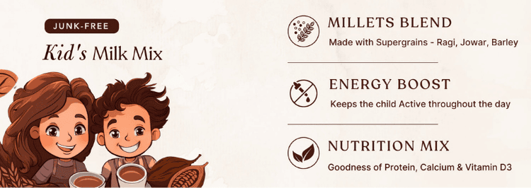Nutri drinks, like Earthful Kids Millet Mix, are an excellent way to provide children with the additional nourishment they need to stay healthy and active. Unlike other health drinks, our Millet Mix is plant-based, free from artificial flavors and preservatives, making it a safe and effective option for children. Additionally, it is rich in fiber and contains no refined sugar.
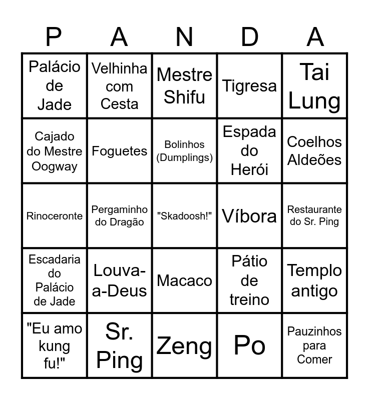 This bingo card has 43 words: Free!, "Skadoosh!", "Não existe ingrediente secreto", "Eu amo kung fu!", "Você foi escolhido", Po, Mestre Shifu, Mestre Oogway, Tai Lung, Sr. Ping, Tigresa, Víbora, Macaco, Louva-a-Deus, Grou, Zeng, Comandante Vachir, Rinoceronte, Porcos Aldeões, Coelhos Aldeões, Velhinha com Cesta, Po em Criança, Vale da Paz, Palácio de Jade, Chorn-Gom, Restaurante do Sr. Ping, Salão do Dragão, Árvore da Sabedoria, Pátio de treino, Escadaria do Palácio de Jade, Câmara da Escolha, Templo antigo, Montanhas do Vale, Pergaminho do Dragão, Noodles, Tigela especial do Sr. Ping, Pauzinhos para Comer, Bolinhos (Dumplings), Cajado do Mestre Oogway, Espada do Herói, Colar do Mestre Shifu, Foguetes and Bandeja de madeira.
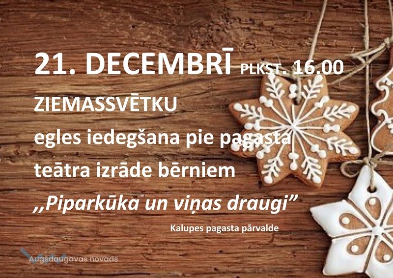 Ziemassvētku egles iedegšana Kalupē13.12.2018AKTUĀLI 21. decembrī plkst. 16.00 pie Kalupes pagasta pārvaldes ēkas tiks iedegda pagasta egle un bērni varēs noskatīties teātra izrādi "Piparkūka un viņas draugi".
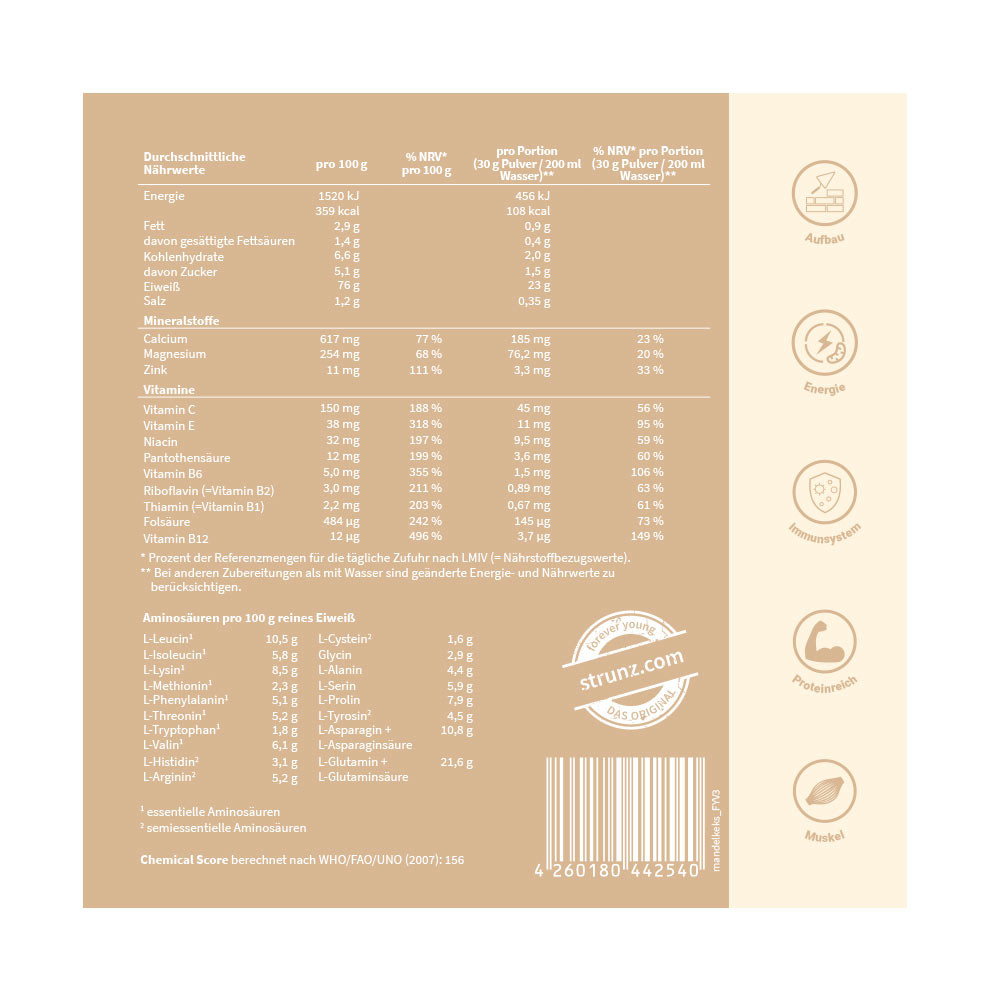 Das Power Eiweiß Mandelkeks ist ein Eiweiß-Konzentrat mit multifunktionellen Eigenschaften. Die Mischung aus biologisch hochwertigen verschiedenen Proteinquellen ist gut löslich, leicht verdaulich, fettarm und wohlschmeckend. Durch die Kombination verschiedener Eiweißquellen hat das forever young Power Eiweiß eine ausgewogene Bilanzierung aller Aminosäuren.
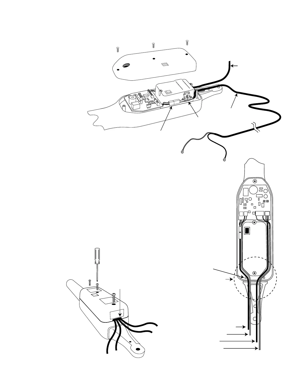 sides of the opener and out the strain relief slot in the back of the opener.
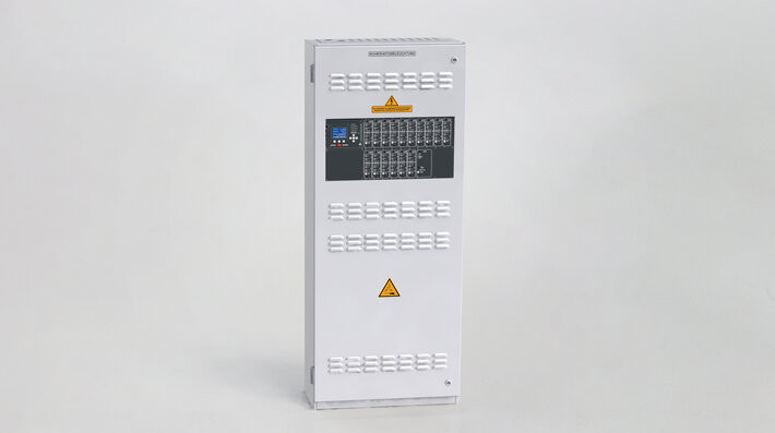 Die Systeme der miniControl XL plus sind batteriegestützte zentrale Stromversorgungssysteme nach DIN EN 50171, die zur Versorgung und Überwachung von Rettungs- und Sicherheitsleuchten konzipiert sind. Bis zu 32 Stk. Stromkreise pro System ermöglichen die Versorgung und zusatzleitungslose Überwachung von bis zu 640 Leuchten in Mischbetriebstechnik.Eine Anzeige- und Bedieneinheit, bestehend aus LC-Display, Tastenfeld und Status LEDs, gibt Information über den aktuellen Systemzustand und ermöglicht Konfigurationen direkt am System.Optional ist ein Touchdisplay lieferbar.Das Prüfbuch erfasst und speichert Daten über einen Zeitraum >5 Jahre. Über ein integriertes (patentiertes) Web-Interface lassen sich alle Systeme visualisieren und konfigurieren.Die Vernetzung von weiteren Systemen bietet die Möglichkeit zur Erweiterung des Systems sowie der Anpassung an individuelle Anforderungen, wie z.B. Installationsaufwand.miniControl XL plusmax. 32 Stk. Stromkreise, 1300 W/1h, max. 640 LeuchtenDie miniControl XL plus ist ein zentrales Stromversorgungssystem nach DIN EN 50171 bis maximal 1300 W/1h und servicefreundlicher modularer Einschubtechnik.
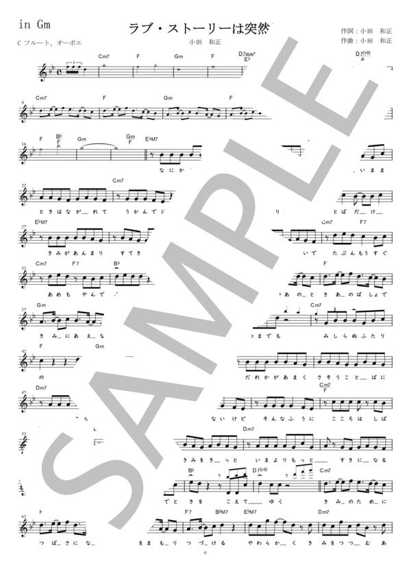 楽譜 ラブ ストーリーは突然に C調用 Ingm 小田 和正 メロディ 初 中級 Piascore 楽譜ストア
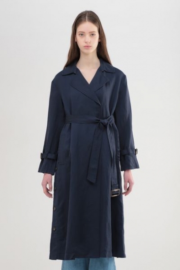 麻ビスコートの洗いをかけたトレンチコート。かっちり感のあるトレンチとは違い、ナチュラルでリラックス感のある風合いや大きなサイズ感です。袖先のバックルはピンナシなので、ご自身で調節させて、袖の丈を好きなところでとめられます。女性が羽織るロング丈で大人っぽいニュアンスをだせ、デニムスタイルから、サイドの釦を外し、プリントドレスを覗かせたコーディネートまで楽しめます。
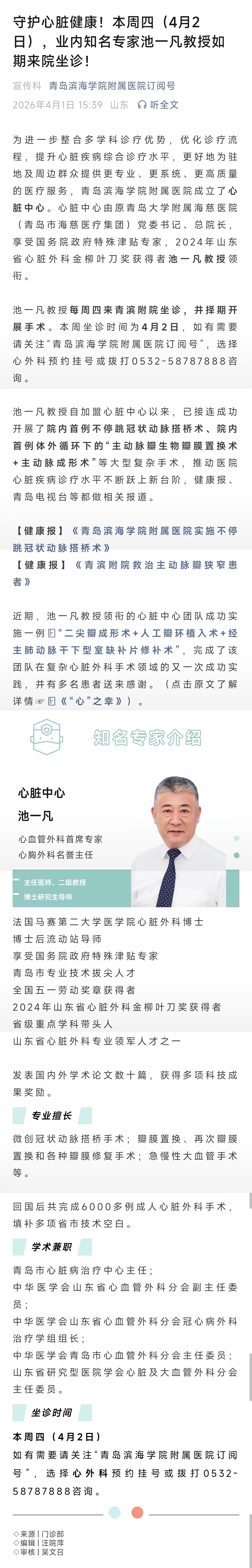 守护心脏健康!本周四(4月2日),业内知名专家池一凡教授如期来院坐诊!
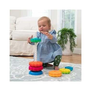 It's a stacking toy with a spin - literally! Drop the vibrant star-burst discs of the SpinAgain onto the threaded corkscrew pole and watch them spin fast and smooth to settle onto the reversible base.
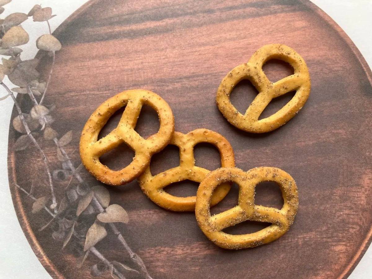 Seria(セリア)の「プレッツェル ブラックペッパー味」は、結び目を模した形状が特徴の、香ばしいスナックです。
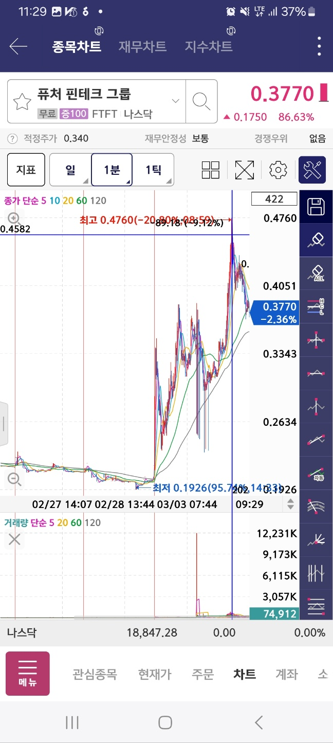 11시에 올랐던 두 종목 모두 개장 후 급락한다.
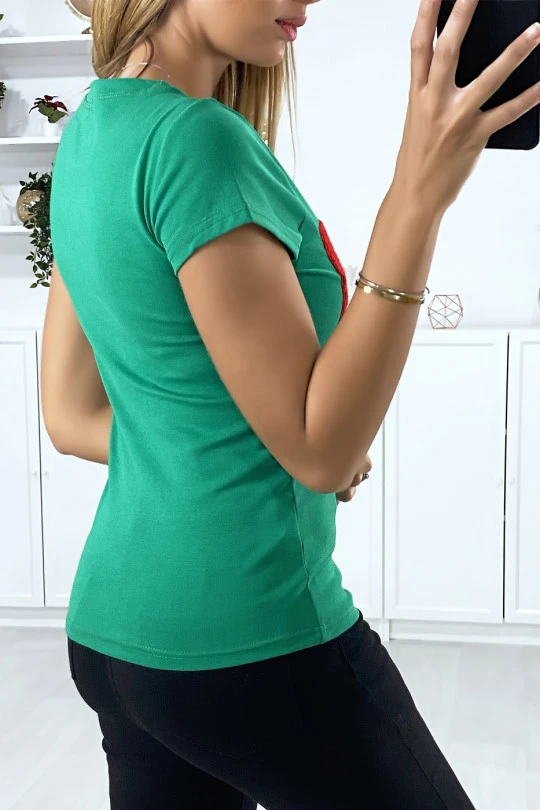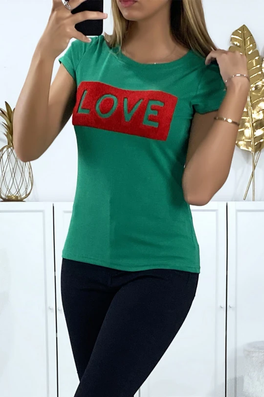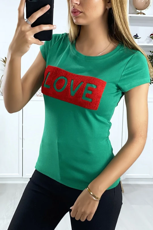 T-shirt vert pour femme avec Ă©criture Love. VĂŞtement mode femme fashionÂ
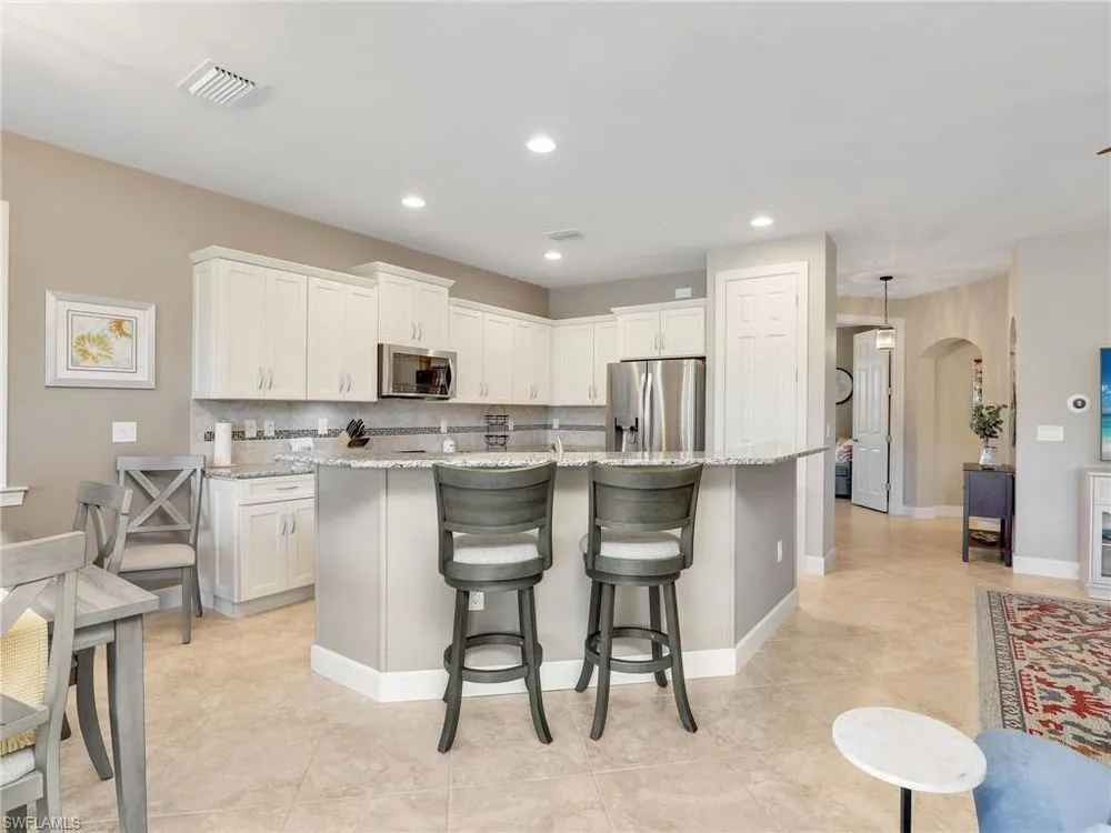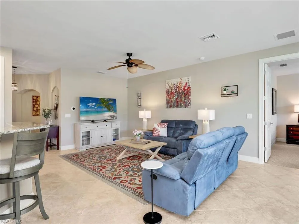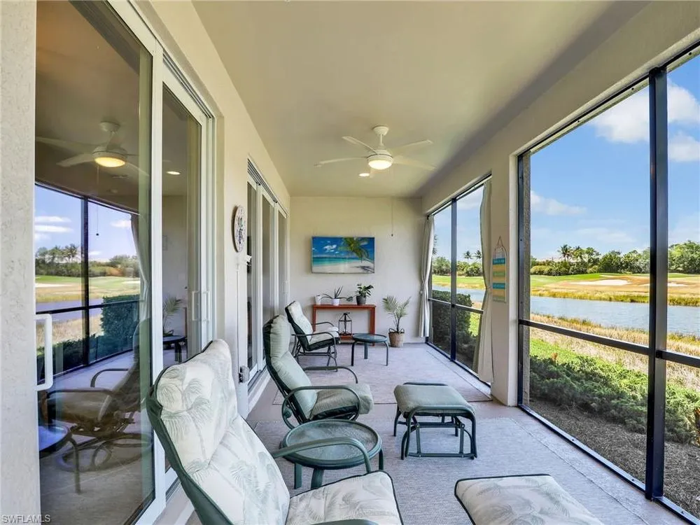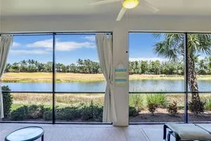Enjoy stunning lake and golf course views from this beautifully maintained first-floor carriage home in one of Fort Myers’ most sought-after gated communities. This spacious residence features 2 bedrooms, 2 bathrooms, a den (perfect for a home office or optional third bedroom), and an attached 2-car garage. Offered turnkey furnished, the home is move-in ready with thoughtful upgrades and elegant finishes throughout. The open-concept layout showcases high 10’ ceilings, 8’ doors, and tile laid on the diagonal, creating a bright and expansive feel. The kitchen is both functional and stylish with granite countertops, stainless steel appliances, white cabinetry, a cozy breakfast nook, and a custom tile backsplash. Two sets of sliding glass doors open to a screened lanai where you’ll enjoy serene water and fairway views—ideal for relaxing or entertaining. The primary suite is a peaceful retreat with a large walk-in closet, dual vanities, an oversized soaking tub, and a separate glass-enclosed shower. Hurricane-impact windows and doors offer added security and peace of mind, while upgrades like plantation shutters, custom vertical blinds, a freshly painted interior, epoxy-coated garage floor, and a 2024 A/C unit add value and comfort. A well-appointed laundry room includes a washer, dryer, and utility sink. The HOA covers essentials such as cable, internet, water, landscaping, exterior insurance, and pest control—offering worry-free living. Located in The Plantation Golf & Country Club, residents enjoy access to top-tier amenities including a resort-style pool and spa, fitness center, tennis and pickleball courts, bocce ball, clubhouse dining, and an optional golf membership. Conveniently located near I-75, RSW airport, shopping, dining, and Gulf Coast beaches, this home blends luxury, location, and lifestyle seamlessly.
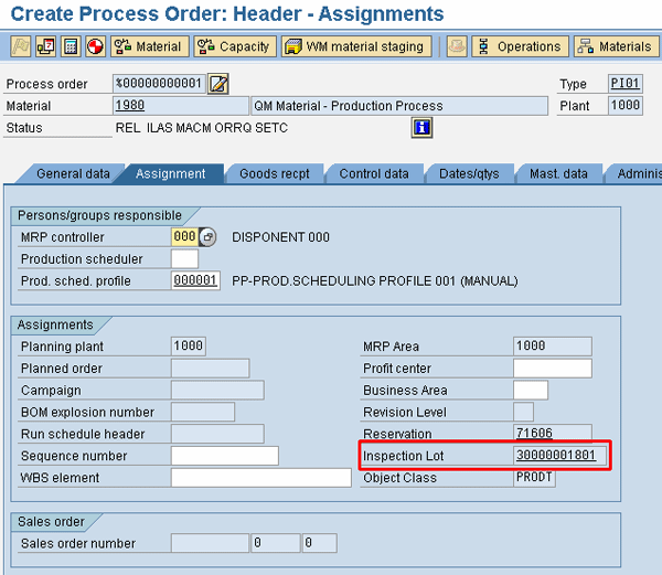 . As soon as the process order is released, an automatically created inspection lot for in-process inspection is generated, as shown in the assignment tab of Figure 24.
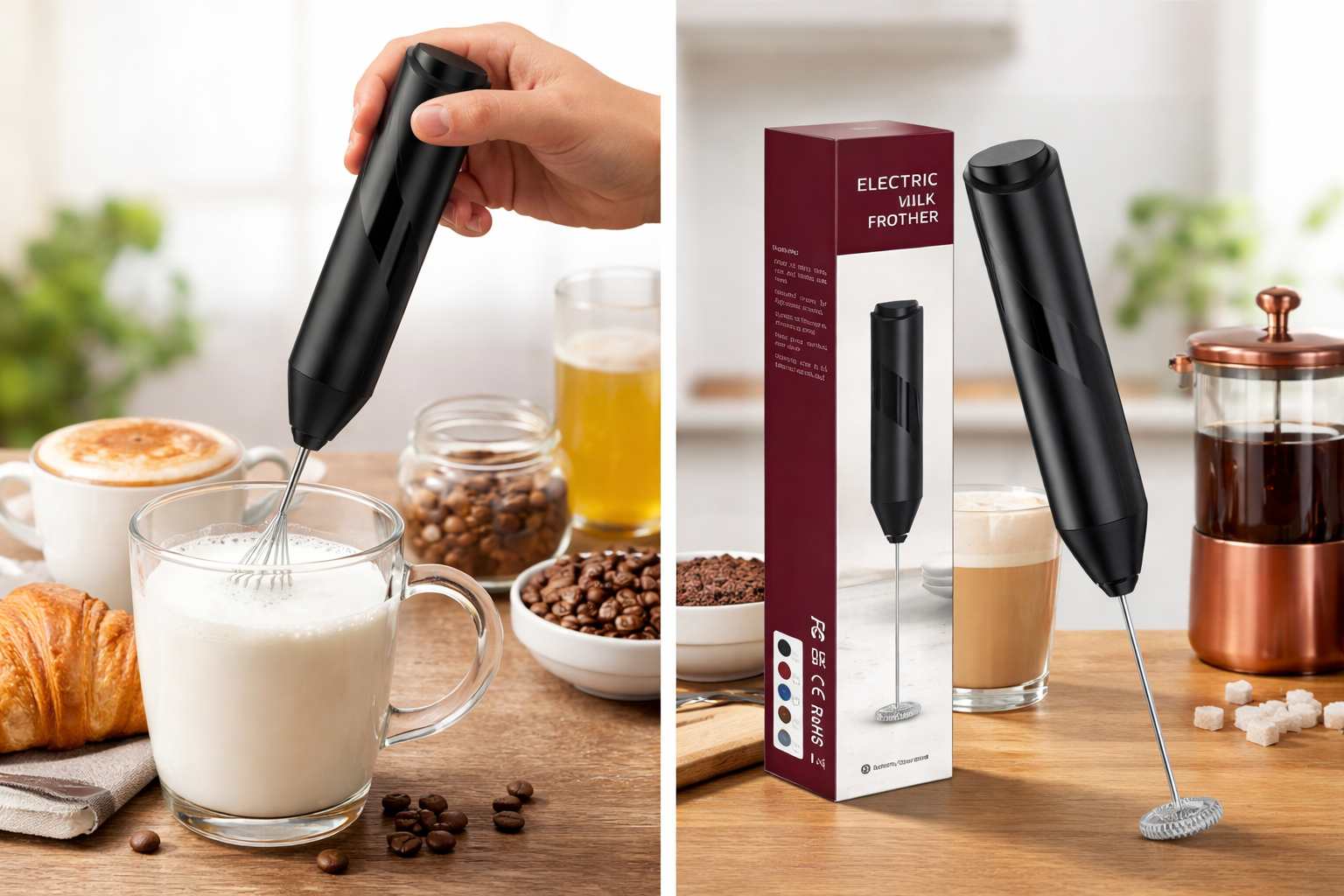 Create cafe style drinks at home with this Electric Milk Frother ,a powerful and easy to use tool designed to give you rich creamy foam in seconds. Whether you love cappuccino, latte, macchiato, hot chocolate, or iced coffee, this handheld milk frother helps you achieve professional results effortlessly.

INSTRUCTIONS FOR THE TASK - Write out each entry exactly; any pictures stay out of the copy.

RESPONSE -
Nutri drinks, like Earthful Kids Millet Mix, are an excellent way to provide children with the additional nourishment they need to stay healthy and active. Unlike other health drinks, our Millet Mix is plant-based, free from artificial flavors and preservatives, making it a safe and effective option for children. Additionally, it is rich in fiber and contains no refined sugar.
 This bingo card has 43 words: Free!, "Skadoosh!", "Não existe ingrediente secreto", "Eu amo kung fu!", "Você foi escolhido", Po, Mestre Shifu, Mestre Oogway, Tai Lung, Sr. Ping, Tigresa, Víbora, Macaco, Louva-a-Deus, Grou, Zeng, Comandante Vachir, Rinoceronte, Porcos Aldeões, Coelhos Aldeões, Velhinha com Cesta, Po em Criança, Vale da Paz, Palácio de Jade, Chorn-Gom, Restaurante do Sr. Ping, Salão do Dragão, Árvore da Sabedoria, Pátio de treino, Escadaria do Palácio de Jade, Câmara da Escolha, Templo antigo, Montanhas do Vale, Pergaminho do Dragão, Noodles, Tigela especial do Sr. Ping, Pauzinhos para Comer, Bolinhos (Dumplings), Cajado do Mestre Oogway, Espada do Herói, Colar do Mestre Shifu, Foguetes and Bandeja de madeira.
 Ziemassvētku egles iedegšana Kalupē13.12.2018AKTUĀLI 21. decembrī plkst. 16.00 pie Kalupes pagasta pārvaldes ēkas tiks iedegda pagasta egle un bērni varēs noskatīties teātra izrādi "Piparkūka un viņas draugi".
 Das Power Eiweiß Mandelkeks ist ein Eiweiß-Konzentrat mit multifunktionellen Eigenschaften. Die Mischung aus biologisch hochwertigen verschiedenen Proteinquellen ist gut löslich, leicht verdaulich, fettarm und wohlschmeckend. Durch die Kombination verschiedener Eiweißquellen hat das forever young Power Eiweiß eine ausgewogene Bilanzierung aller Aminosäuren.
 sides of the opener and out the strain relief slot in the back of the opener.
 Die Systeme der miniControl XL plus sind batteriegestützte zentrale Stromversorgungssysteme nach DIN EN 50171, die zur Versorgung und Überwachung von Rettungs- und Sicherheitsleuchten konzipiert sind. Bis zu 32 Stk. Stromkreise pro System ermöglichen die Versorgung und zusatzleitungslose Überwachung von bis zu 640 Leuchten in Mischbetriebstechnik.Eine Anzeige- und Bedieneinheit, bestehend aus LC-Display, Tastenfeld und Status LEDs, gibt Information über den aktuellen Systemzustand und ermöglicht Konfigurationen direkt am System.Optional ist ein Touchdisplay lieferbar.Das Prüfbuch erfasst und speichert Daten über einen Zeitraum >5 Jahre. Über ein integriertes (patentiertes) Web-Interface lassen sich alle Systeme visualisieren und konfigurieren.Die Vernetzung von weiteren Systemen bietet die Möglichkeit zur Erweiterung des Systems sowie der Anpassung an individuelle Anforderungen, wie z.B. Installationsaufwand.miniControl XL plusmax. 32 Stk. Stromkreise, 1300 W/1h, max. 640 LeuchtenDie miniControl XL plus ist ein zentrales Stromversorgungssystem nach DIN EN 50171 bis maximal 1300 W/1h und servicefreundlicher modularer Einschubtechnik.
 楽譜 ラブ ストーリーは突然に C調用 Ingm 小田 和正 メロディ 初 中級 Piascore 楽譜ストア
 麻ビスコートの洗いをかけたトレンチコート。かっちり感のあるトレンチとは違い、ナチュラルでリラックス感のある風合いや大きなサイズ感です。袖先のバックルはピンナシなので、ご自身で調節させて、袖の丈を好きなところでとめられます。女性が羽織るロング丈で大人っぽいニュアンスをだせ、デニムスタイルから、サイドの釦を外し、プリントドレスを覗かせたコーディネートまで楽しめます。
 守护心脏健康!本周四(4月2日),业内知名专家池一凡教授如期来院坐诊!
 It's a stacking toy with a spin - literally! Drop the vibrant star-burst discs of the SpinAgain onto the threaded corkscrew pole and watch them spin fast and smooth to settle onto the reversible base.
 Seria(セリア)の「プレッツェル ブラックペッパー味」は、結び目を模した形状が特徴の、香ばしいスナックです。
 11시에 올랐던 두 종목 모두 개장 후 급락한다.
 T-shirt vert pour femme avec Ă©criture Love. VĂŞtement mode femme fashionÂ
Enjoy stunning lake and golf course views from this beautifully maintained first-floor carriage home in one of Fort Myers’ most sought-after gated communities. This spacious residence features 2 bedrooms, 2 bathrooms, a den (perfect for a home office or optional third bedroom), and an attached 2-car garage. Offered turnkey furnished, the home is move-in ready with thoughtful upgrades and elegant finishes throughout. The open-concept layout showcases high 10’ ceilings, 8’ doors, and tile laid on the diagonal, creating a bright and expansive feel. The kitchen is both functional and stylish with granite countertops, stainless steel appliances, white cabinetry, a cozy breakfast nook, and a custom tile backsplash. Two sets of sliding glass doors open to a screened lanai where you’ll enjoy serene water and fairway views—ideal for relaxing or entertaining. The primary suite is a peaceful retreat with a large walk-in closet, dual vanities, an oversized soaking tub, and a separate glass-enclosed shower. Hurricane-impact windows and doors offer added security and peace of mind, while upgrades like plantation shutters, custom vertical blinds, a freshly painted interior, epoxy-coated garage floor, and a 2024 A/C unit add value and comfort. A well-appointed laundry room includes a washer, dryer, and utility sink. The HOA covers essentials such as cable, internet, water, landscaping, exterior insurance, and pest control—offering worry-free living. Located in The Plantation Golf & Country Club, residents enjoy access to top-tier amenities including a resort-style pool and spa, fitness center, tennis and pickleball courts, bocce ball, clubhouse dining, and an optional golf membership. Conveniently located near I-75, RSW airport, shopping, dining, and Gulf Coast beaches, this home blends luxury, location, and lifestyle seamlessly.
 . As soon as the process order is released, an automatically created inspection lot for in-process inspection is generated, as shown in the assignment tab of Figure 24.
 Create cafe style drinks at home with this Electric Milk Frother ,a powerful and easy to use tool designed to give you rich creamy foam in seconds. Whether you love cappuccino, latte, macchiato, hot chocolate, or iced coffee, this handheld milk frother helps you achieve professional results effortlessly.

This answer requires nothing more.